8 prom Alan: support the argument
One of the most undesirable maladaptive health behaviors that has been a major challenge in behavior modification of my patient population (oncology) is that of tobacco consumption cessation. Tobacco consumption is a major risk behavior with severe consequences. “The World Health Organization defines risk behaviors as specific forms of behavior which are proven to be associated with increased susceptibility to a specific disease or ill health.” (Sharma & Romas, 2012) Data has proven that the consumption of tobacco products has had a direct effect on multiple patient outcomes (COPD, Cancer, Cardiac diseases). “It is well established that tobacco smoking is causally related to a number of squamous cell cancer subtypes in several internal organs including those of the oral cavity, esophagus, lung, bladder and cervix.” (Blizzard, O’Connell, Otahal, Sitas & Yu, 2011). The maladaptive practice of tobacco consumption (smoking, dipping, e-cigarette / vaping usage) has unfortunately become an integral practice of many cultures of America. Many of our patient population began using tobacco products at very young ages, as early as their teenage years. Therefore, this is a learned maladaptive behavior that has been chronically practiced on a daily basis for years and / or decades. With the aforementioned being said, within the federal government Office of Disease Prevention and Health Promotion, I would solicit assistance from the Office on Smoking and Health.

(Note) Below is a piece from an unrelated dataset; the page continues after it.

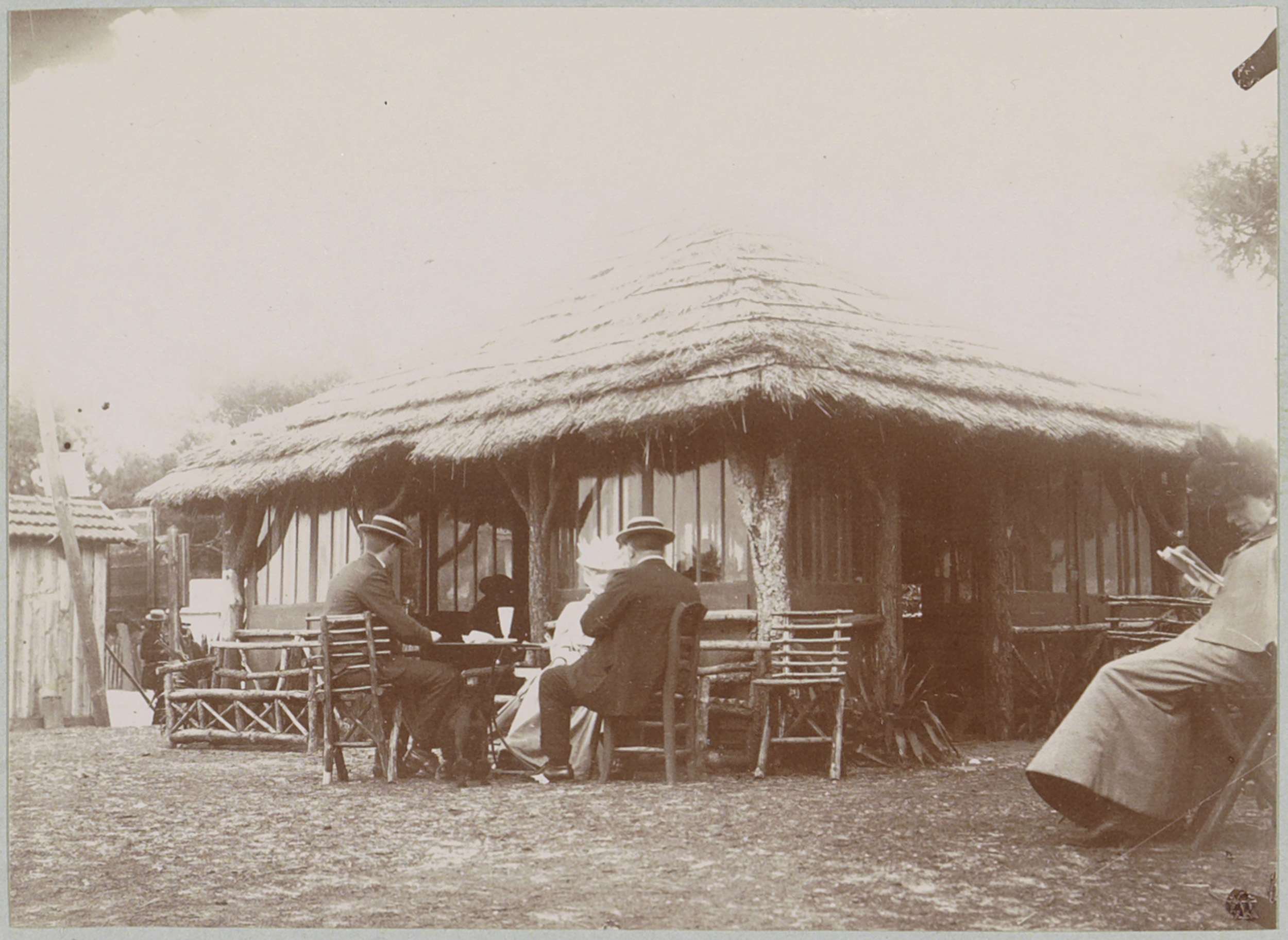 Gezelschap bij een uitspanning met rieten dak in Le ...

How can I as a nurse effect policy changes to improve health care for all citizens? In collaboration with the Office on Smoking and Health we could modify policy, edit and change it to better accommodate our patient populations through smoking cessation programs. What are some economic incentives for disease prevention and health promotion? Currently, many practicing oncologists will offer the best chemotherapy options for patients who pass tobacco saliva screenings. Also, insurance companies are more reluctant to pay a portion of these chemotherapies if the patient is failing their smoking cessation program and continuing to consume tobacco products. Therefore, incentives for these patients with be swifter insurance company authorizations of multiple / myriad chemotherapy options. Insurance premiums also decrease whilst these patients are successful in passing their smoking cessation programs helping to lower their costs of health care. What are your thoughts on the issue as this is a systemic problem within our healthcare industry effecting all patient populations?
Blizzard, Leigh., O’Connell, Dianne., Otahal, Petr., Sitas, Freddy. & Yu, Xue Qin. (2011)
The relationship between basal and squamous cell skin cancer and smoking related cancers.
Sharma, Manoj & Romas, John A. (2012) Theoretical Foundations of Health Education and Health Promotion. Second edition.